Hi,
I need a good source to understand the derivation for cut-off frequency, relation of input to output by Kirchoff's laws and what is meant exactly by the impulse response of the amplifier (providing it is not made of a simple unity gain buffer).

What theories are behind it so I can go through them?


thanks

 

I found this app note attached but I can't figure out the part highlighted in red.

also in the first part Vi and Vo are considered as grounds in for the ac signal, but considering an ideal op amp, why isn't Z2 and Z3 considered in series for deriving eqn 1.(only z2) (providing op amp have infinite input impedance)

 

the analysis assumes that opamp is ideal. that means:
- no current flows in or out of inputs and
- voltage difference between inputs is zero.

using first assumption:

current through Z2 is

(Vf-Vp)/Z2

current through Z3 is

Vp/Z3

because there is no current in or out of opamp input, those two currents must be same:

(Vf-Vp)/Z2=Vp/Z3

if you separate variables Vp and Vf, you get form as KCL at Vp in the example:
Vf/Z2=Vp(1/Z2+1/Z3)


the other way is to use voltage divider:

Vp=Vf*Z3/(Z2+Z3)

rewrite in terms of Vf to get
Vf=Vp(Z2+Z3)/Z3

which is the same thing...

 

To make a sharp cutoff (instead of a droopy cutoff), a Sallen-Key filter uses some positive feedback to boost the -6dB level at the cutoff frequency of the two RC filters to -3dB. The positive feedback makes the filter ring a little at the cutoff frequency.

 

I'm assuming this is to get rid of your current source oscillation mentioned in this thread. As I said in post #24, your current source will probably not put out the correct average current when it is oscillating (it didn't in simulation). Did you try putting the series combination of 100nF and 100Ω in parallel with the inductor to kill the oscillation?

 

Hi Ron thanks for you interest but this is not for the same application I will try it out in practice after the Easter recess at school since I do not have access to a scope.

This problem was in my control systems and automation assignment and I literally have to go deep into the impulse response of this filter.

I understood all the kirchoff's part and now I getting familliar with the impulse response part.

Any one can guide me on what I should look for, will be of great help.

thanks

 

Hi Ron thanks for you interest but this is not for the same application I will try it out in practice after the Easter recess at school since I do not have access to a scope.

This problem was in my control systems and automation assignment and I literally have to go deep into the impulse response of this filter.

I understood all the kirchoff's part and now I getting familliar with the impulse response part.

Any one can guide me on what I should look for, will be of great help.

thanks

OK - never mind.

 

When you mention the ringing effect... are you refering to the cut off part in the bode plot or is it like feeding the particular cut off frequency and the attenuated output is added to some ringing??

 

The positive feedback at the cutoff frequency forms a resonant circuit that rings like a bell when the signal suddenly starts or stops. The amplitude bounces.

 

thanks for the diagrams.

So to clarify the situation: We are seeing this (ringing) at the output and for it to occur, the input signal has to contain a harmonic equal to the cutt-off frequency. When we are saying 'start' and 'stop', do we mean when this particular frequency is present at the input and when it is not? .. or is it that the first few cycles pass through until they are stopped by the filter?

 

Ringing in a Sallen-Key filter does not occur if the filter has a droppy Bessel cutoff. It occurs when the filter has a sharp Butterworth or "Shabbychev" cutoff.
It occurs with any frequency near the cutoff frequency.
It occurs if a tone near the cutoff frequency is suddenly started or stopped.
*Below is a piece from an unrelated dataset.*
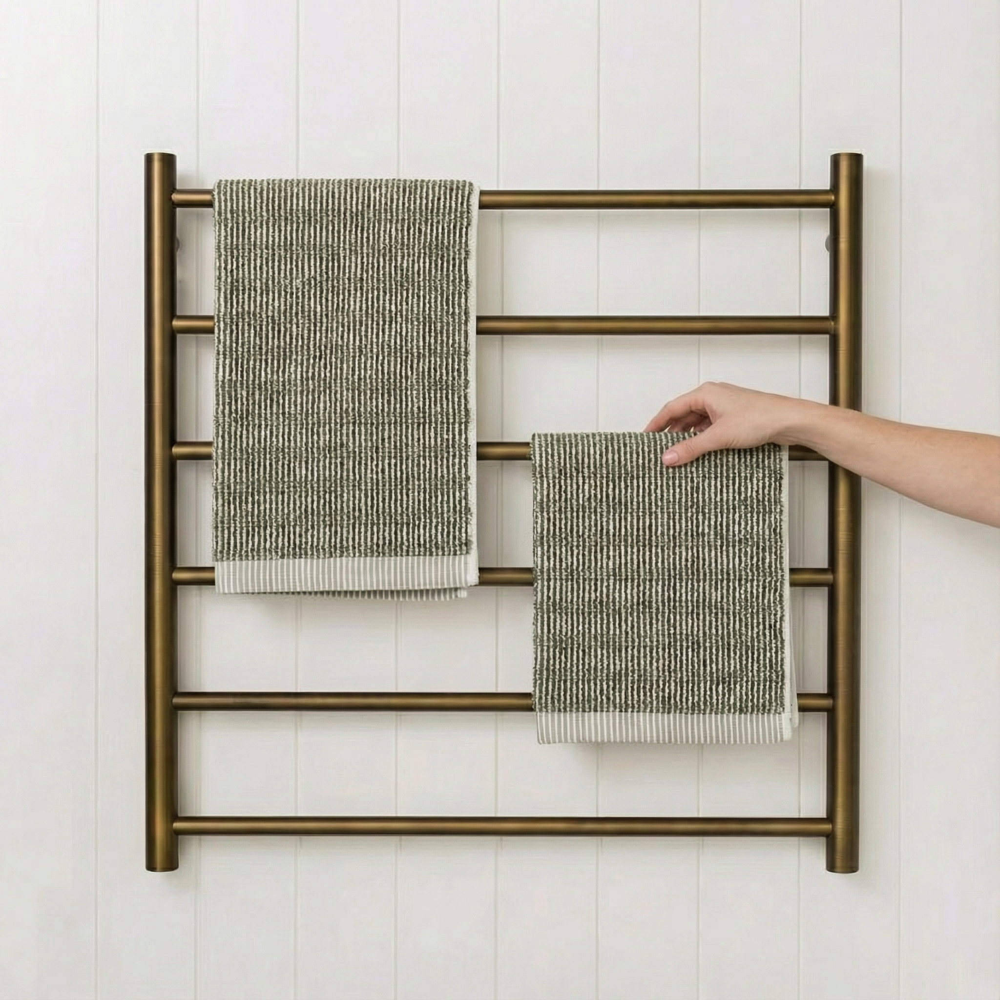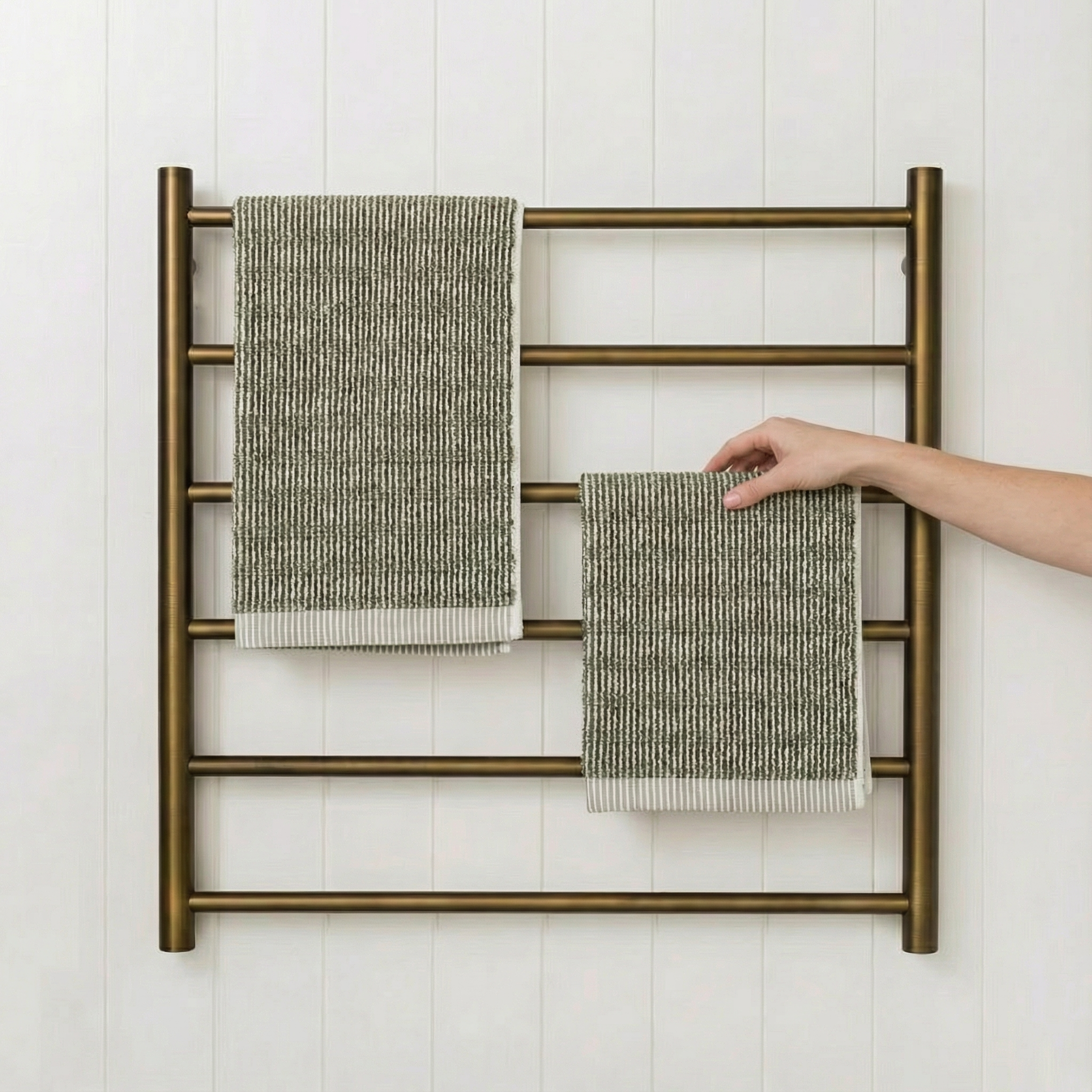 Made from strong 304 stainless steel with concealed wiring and a durable Antique Brass finish. A simple, functional upgrade for households that want warmer, fresher towels and a more organised space.

Audio crossover filters use Sallen-Key filters and the ringing is not heard.
Audiophools are purists who use a Linkwitz-Riley filter that is sort of droopy with no ringing.

 

okay intersting . how exactly is the Barkhausen satisfied?

 

The Barkhausen is satisfied because a Sallen-key filter has a low amount of positive feedback. Far lower than is needed to cause continuous oscillation. It is not unstable, it simply has a +3dB peak in its frequency response to boost the -6dB drop at the cutoff frequency caused by the two RC filters.

 

I found this app note attached but I can't figure out the part highlighted in red.

also in the first part Vi and Vo are considered as grounds in for the ac signal, but considering an ideal op amp, why isn't Z2 and Z3 considered in series for deriving eqn 1.(only z2) (providing op amp have infinite input impedance)

If you are familiar with Millman's Theorem, you will see that eq. 1 and the portion of eq. 2 that you have outlined in red are both examples of Millman's.

hgmjr

 

Hi,
after a some hours .. i managed to get something.
Can someone check my derivation. I tried to use the Conductance G to simplify things a little in the early steps.

Now I need to find the range of values of A for which the impulse response of the amplifier is not sinusoidal.